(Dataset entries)
::::::::

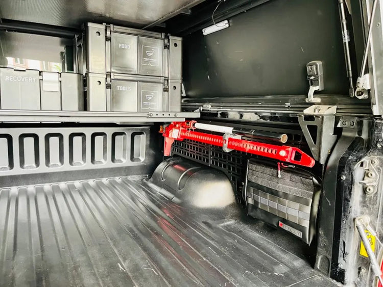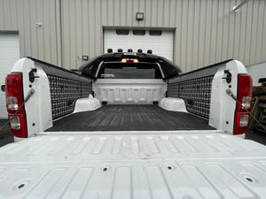 In the 2019-2023 Ranger lineup, each truck bed is equipped with threaded features for up to six tie down loops. Used along with the oval holes further up the bedside, the Ranger is very well equipped to support a full length MOLLE panel system. The BuiltRight Modular Bedside Rack System installs using these factory mounting points, without the need for modification to the vehicle. The panels provide MOLLE-compatible features for the use of MOLLE/PALS accessories in addition to universal slots for an infinite number of possibilities.
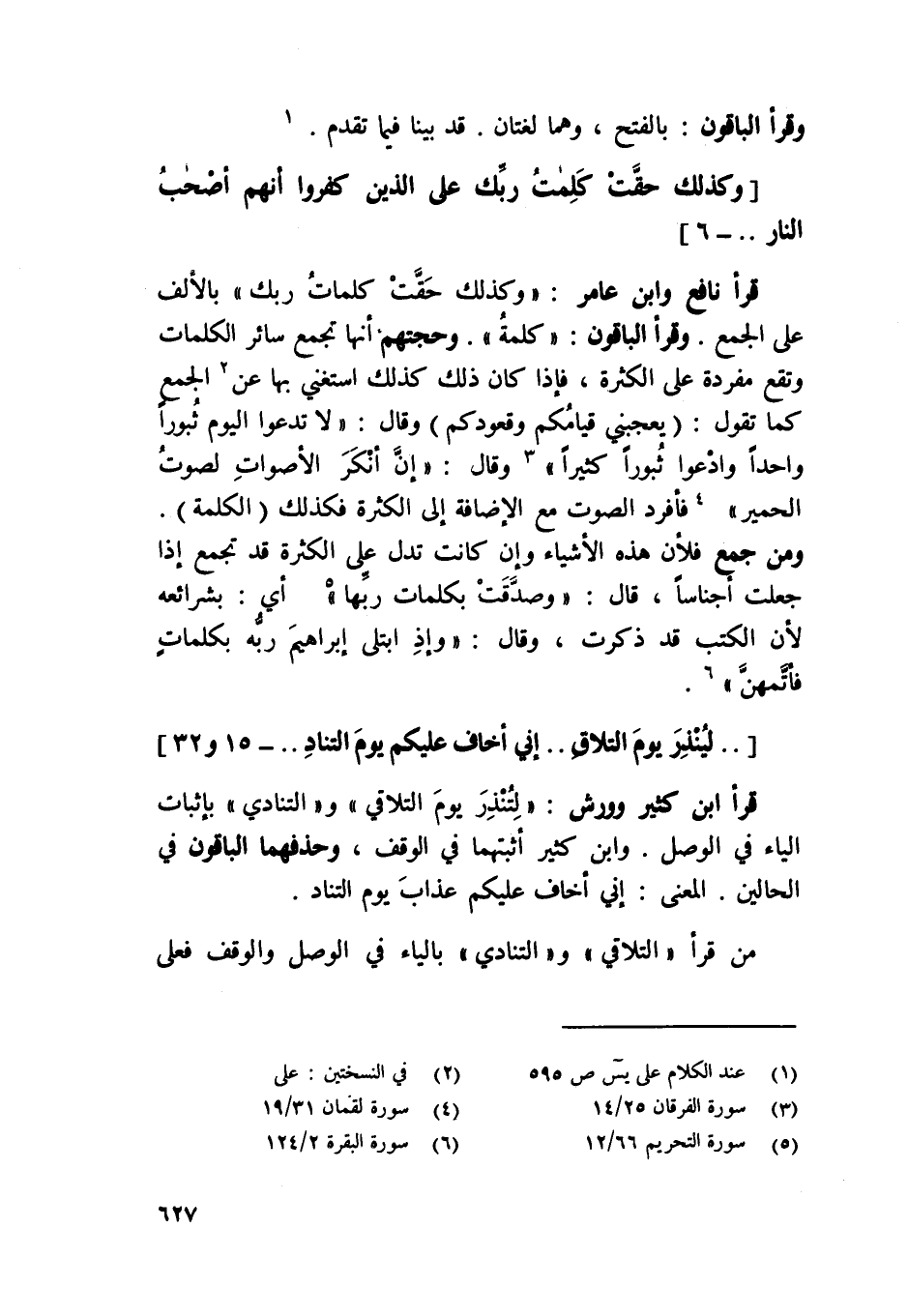 قَرَأَ نَافِع وَابْن عَامر / وَكَذَلِكَ حقت كَلِمَات رَبك / بِالْألف على الْجمع وَقَرَأَ الْبَاقُونَ {كلمة} وحجتهم أَنَّهَا تجمع سَائِر الْكَلِمَات وَتَقَع مُفْردَة على الْكَثْرَة فَإِذا كَانَ ذَلِك كَذَلِك استغني بهَا عَن الْجمع كَمَا تَقول يُعجبنِي قيامكم وقعودكم وَقَالَ {لَا تدعوا الْيَوْم ثبورا وَاحِدًا وَادعوا ثبورا كثيرا} وَقَالَ {إِن أنكر الْأَصْوَات لصوت الْحمير} فأفرد الصَّوْت مَعَ الْإِضَافَة إِلَى الْكَثْرَة فَكَذَلِك الْكَلِمَة وَمن جمع فَلِأَن هَذِه الْأَشْيَاء وَإِن كَانَت تدل على الْكَثْرَة قد تجمع إِذا جعلت أجناسا قَالَ {وصدقت بِكَلِمَات رَبهَا} أَي بشرائعه لِأَن الْكتب قد ذكرت وَقَالَ {وَإِذ ابتلى إِبْرَاهِيم ربه بِكَلِمَات فأتمهن}
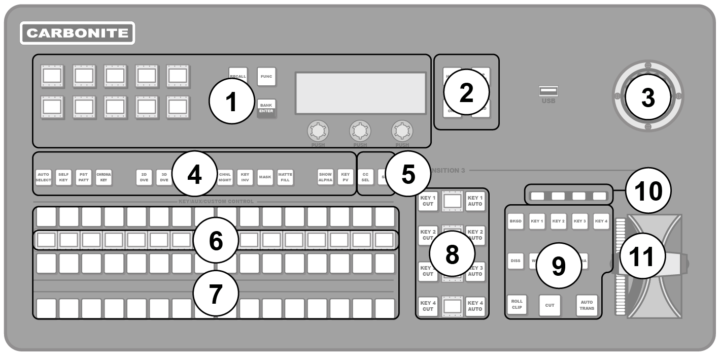 Each Carbonite Black control panel is made up of a number of distinct areas that control different aspects of the switcher. Some of these areas may vary in size or function, depending on the control panel you have.
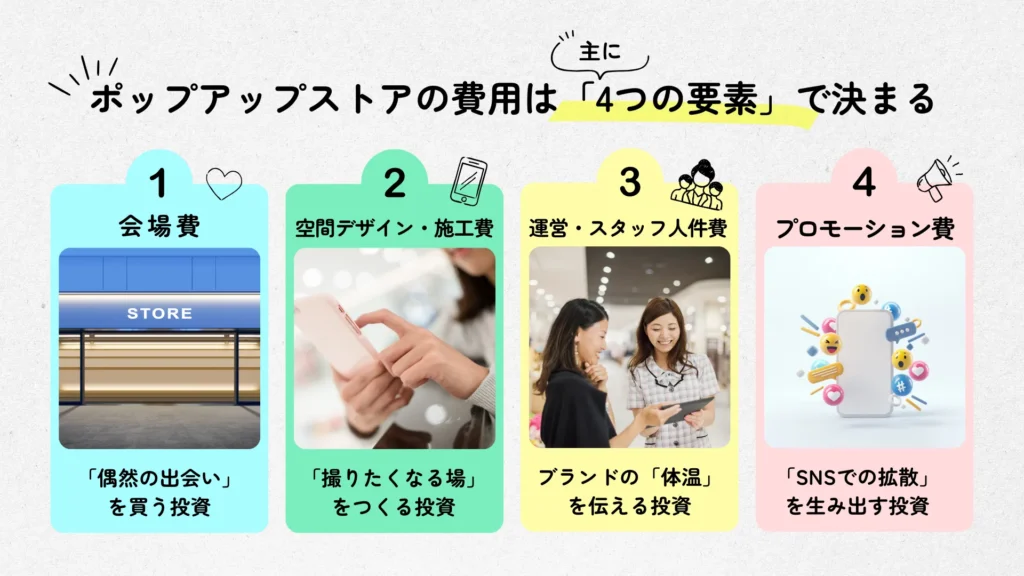 ポップアップストアの費用は、単純に「会場費+装飾費」で決まるものではありません。
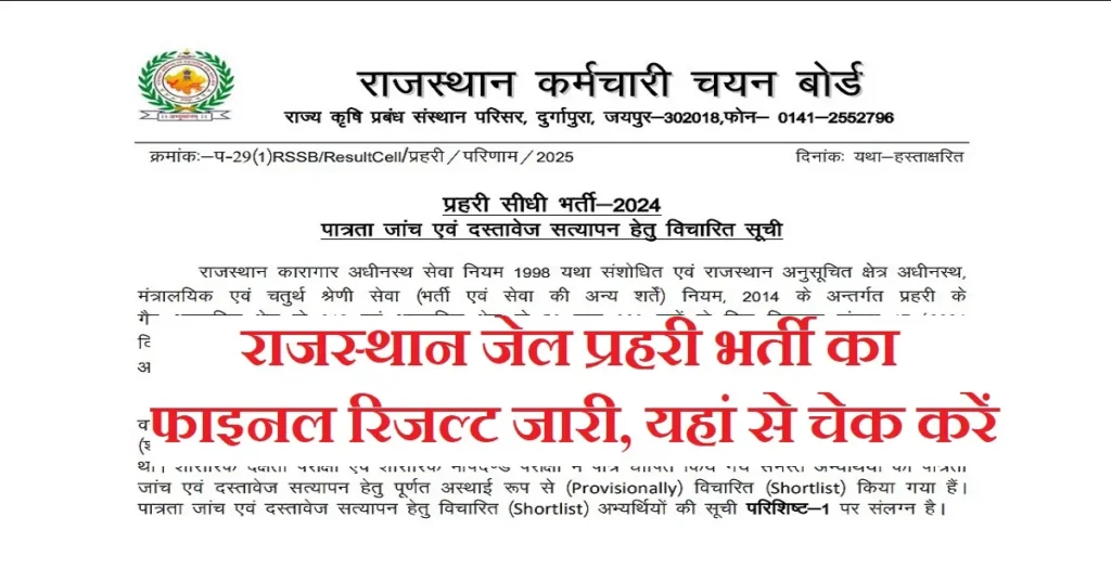 राजस्थान जेल प्रहरी 2025 का फाइनल परिणाम 30 जनवरी 2026 को ऑफिसियल रूप से जारी कर दिया है।
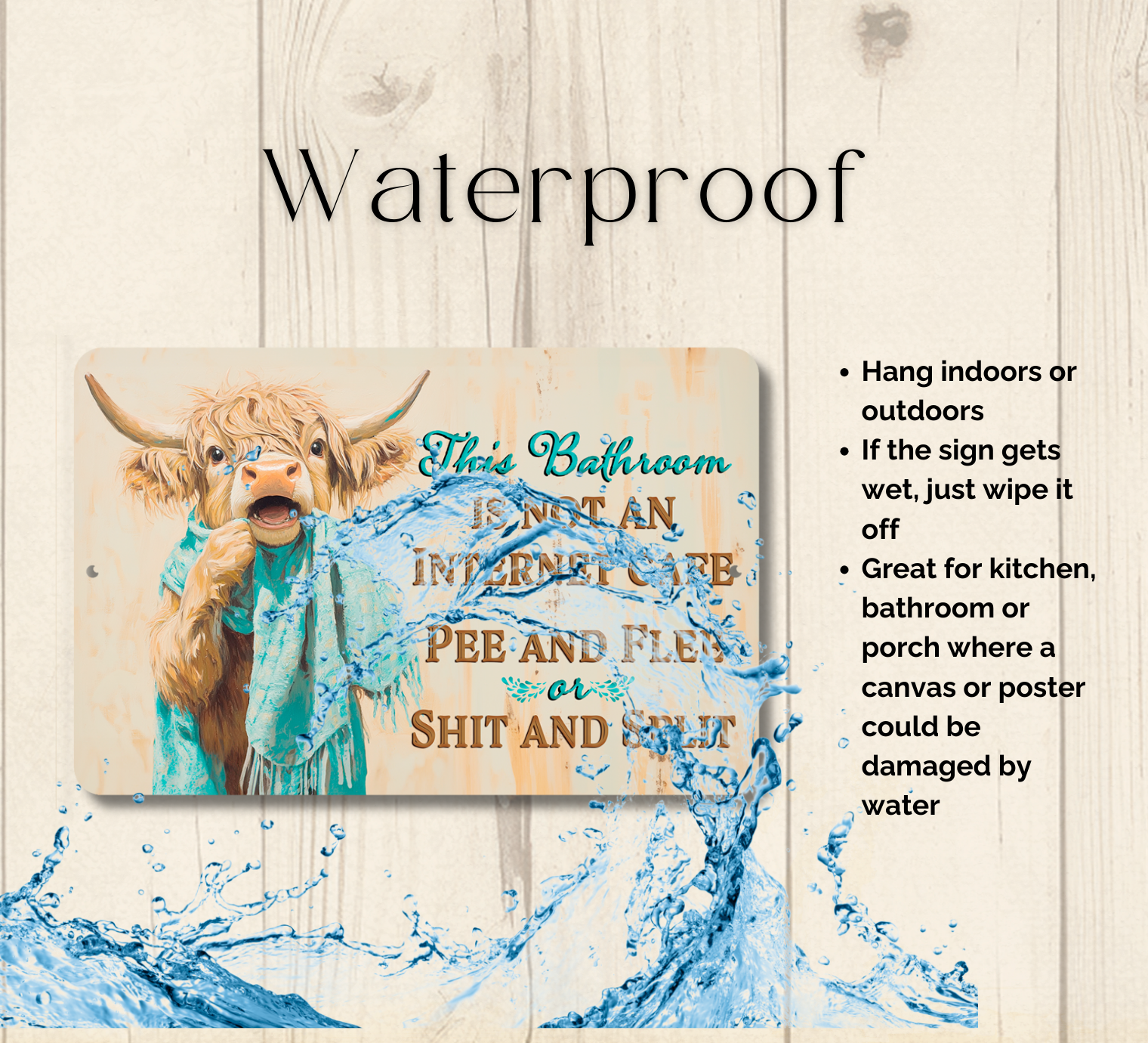 This Bathroom is not an Internet Cafe - Shit and Split or Pee and Flee showing a highland cow with a towel around his neck. This unique handmade addition to your home, would look great in your kitchen, game room, man cave, den or just about anywhere!
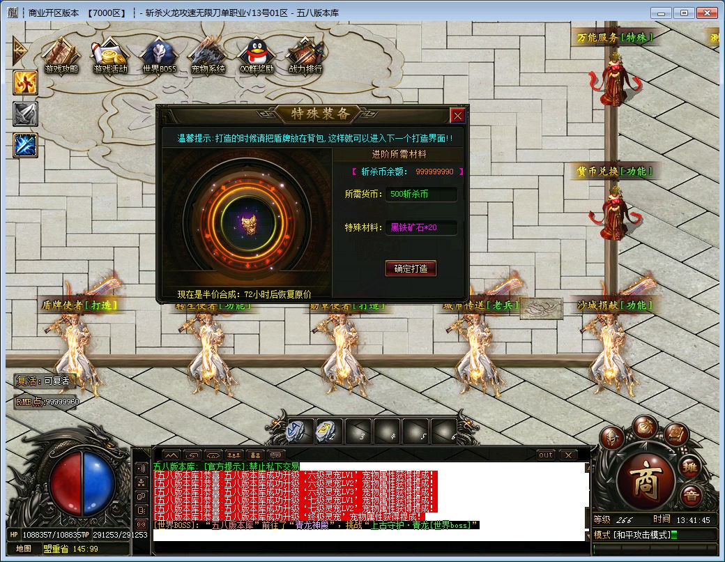 攻略6:散人玩家打到的实物可兑换正常充值.积分还可兑换新区充值.见QQ群兑换文件
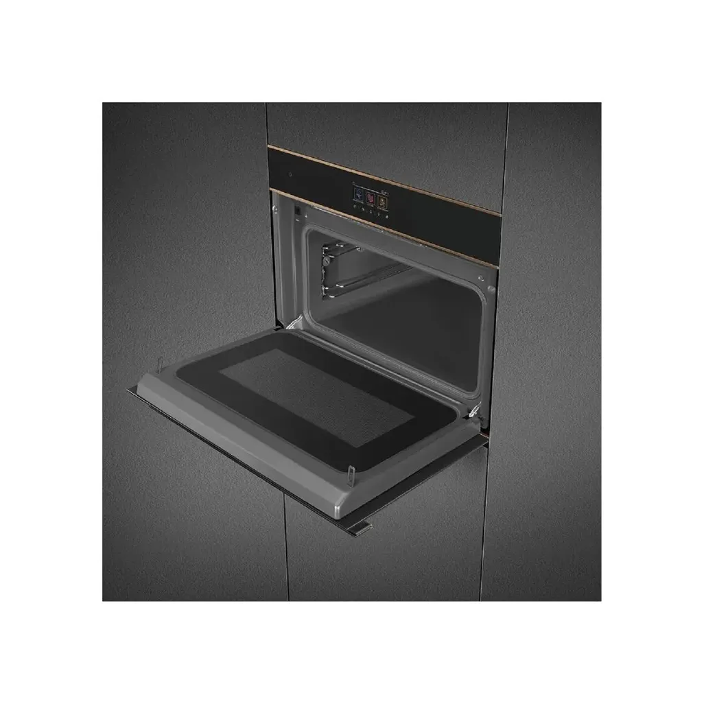 With 150 automatic programs, thanks to smartcooking, this Smeg 45cm Dolce Stil Novo Microwave Combi Galileo Oven might be compact, but it has so much to offer. 15 Cooking functions, 10 customisable recipes and 900W microwave power, cooking will begin a more pleasant and enjoyable experience. You can cook dishes with different cooking methods and be ready at the same time with the SameTime program. During microwave cooking, condensation inside the oven will be reduced due to its double chimney.
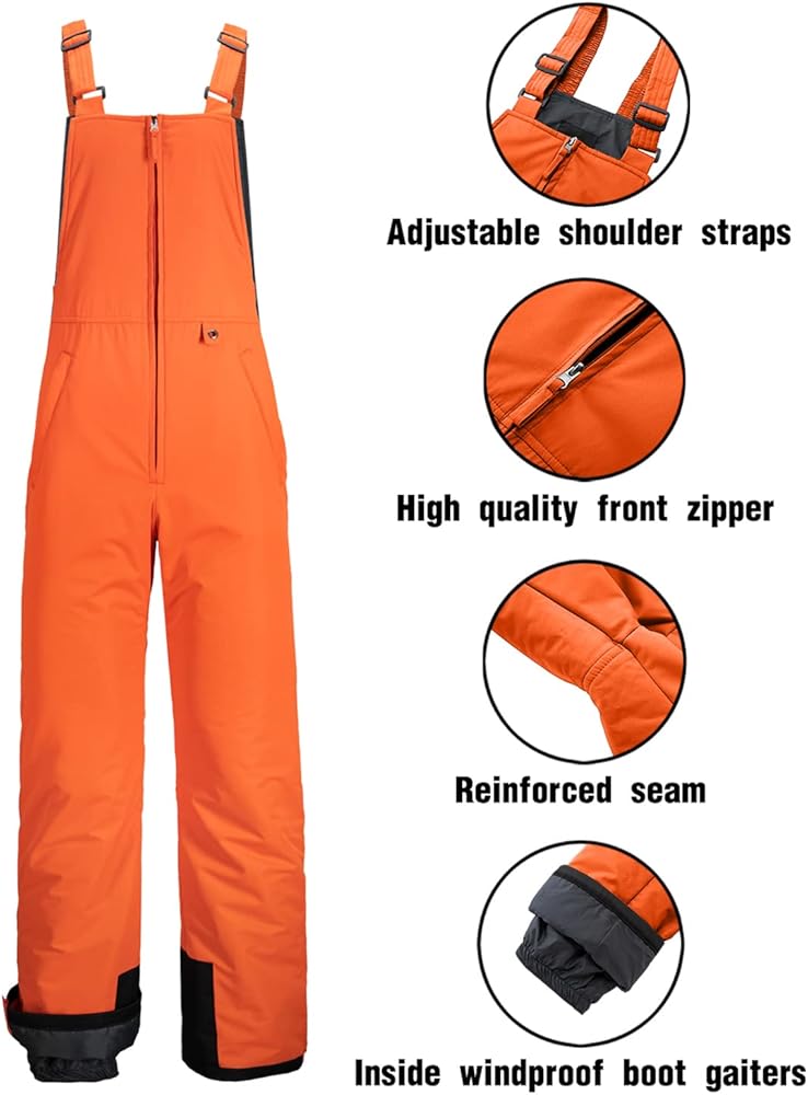 • Comfortable Fit: The snow bib with an adjustable waist and overall straps could offer you a classic look and perfect fit. Side-Pockets with secure zipper to keep small items safe, along with a convenient O-ring for keys, gloves, lift tickets, and your small belongings.
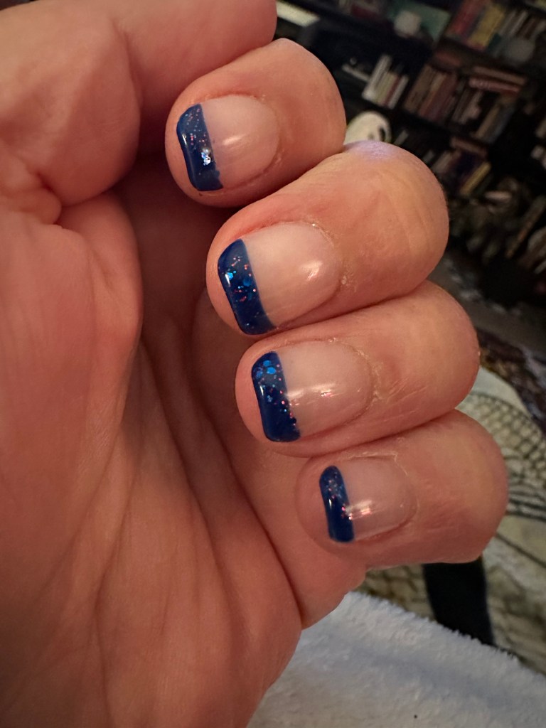 That I picked up Rotary donations, meds, groceries for Mom and did other chores as well as worked. I did make time for fixing my nails as one has been broken for days, and going to the dentist. I have been grinding again so made an appointment in May to get fitted for a mouth guard. Sigh.

::::::::

- EXERCISE GOAL: The answer is the entries above, given again exactly, with no pictures among them.

- SOLUTION TO THIS TASK:
 In the 2019-2023 Ranger lineup, each truck bed is equipped with threaded features for up to six tie down loops. Used along with the oval holes further up the bedside, the Ranger is very well equipped to support a full length MOLLE panel system. The BuiltRight Modular Bedside Rack System installs using these factory mounting points, without the need for modification to the vehicle. The panels provide MOLLE-compatible features for the use of MOLLE/PALS accessories in addition to universal slots for an infinite number of possibilities.
 قَرَأَ نَافِع وَابْن عَامر / وَكَذَلِكَ حقت كَلِمَات رَبك / بِالْألف على الْجمع وَقَرَأَ الْبَاقُونَ {كلمة} وحجتهم أَنَّهَا تجمع سَائِر الْكَلِمَات وَتَقَع مُفْردَة على الْكَثْرَة فَإِذا كَانَ ذَلِك كَذَلِك استغني بهَا عَن الْجمع كَمَا تَقول يُعجبنِي قيامكم وقعودكم وَقَالَ {لَا تدعوا الْيَوْم ثبورا وَاحِدًا وَادعوا ثبورا كثيرا} وَقَالَ {إِن أنكر الْأَصْوَات لصوت الْحمير} فأفرد الصَّوْت مَعَ الْإِضَافَة إِلَى الْكَثْرَة فَكَذَلِك الْكَلِمَة وَمن جمع فَلِأَن هَذِه الْأَشْيَاء وَإِن كَانَت تدل على الْكَثْرَة قد تجمع إِذا جعلت أجناسا قَالَ {وصدقت بِكَلِمَات رَبهَا} أَي بشرائعه لِأَن الْكتب قد ذكرت وَقَالَ {وَإِذ ابتلى إِبْرَاهِيم ربه بِكَلِمَات فأتمهن}
 Each Carbonite Black control panel is made up of a number of distinct areas that control different aspects of the switcher. Some of these areas may vary in size or function, depending on the control panel you have.
 ポップアップストアの費用は、単純に「会場費+装飾費」で決まるものではありません。
 राजस्थान जेल प्रहरी 2025 का फाइनल परिणाम 30 जनवरी 2026 को ऑफिसियल रूप से जारी कर दिया है।
 This Bathroom is not an Internet Cafe - Shit and Split or Pee and Flee showing a highland cow with a towel around his neck. This unique handmade addition to your home, would look great in your kitchen, game room, man cave, den or just about anywhere!
 攻略6:散人玩家打到的实物可兑换正常充值.积分还可兑换新区充值.见QQ群兑换文件
 With 150 automatic programs, thanks to smartcooking, this Smeg 45cm Dolce Stil Novo Microwave Combi Galileo Oven might be compact, but it has so much to offer. 15 Cooking functions, 10 customisable recipes and 900W microwave power, cooking will begin a more pleasant and enjoyable experience. You can cook dishes with different cooking methods and be ready at the same time with the SameTime program. During microwave cooking, condensation inside the oven will be reduced due to its double chimney.
 • Comfortable Fit: The snow bib with an adjustable waist and overall straps could offer you a classic look and perfect fit. Side-Pockets with secure zipper to keep small items safe, along with a convenient O-ring for keys, gloves, lift tickets, and your small belongings.
 That I picked up Rotary donations, meds, groceries for Mom and did other chores as well as worked. I did make time for fixing my nails as one has been broken for days, and going to the dentist. I have been grinding again so made an appointment in May to get fitted for a mouth guard. Sigh.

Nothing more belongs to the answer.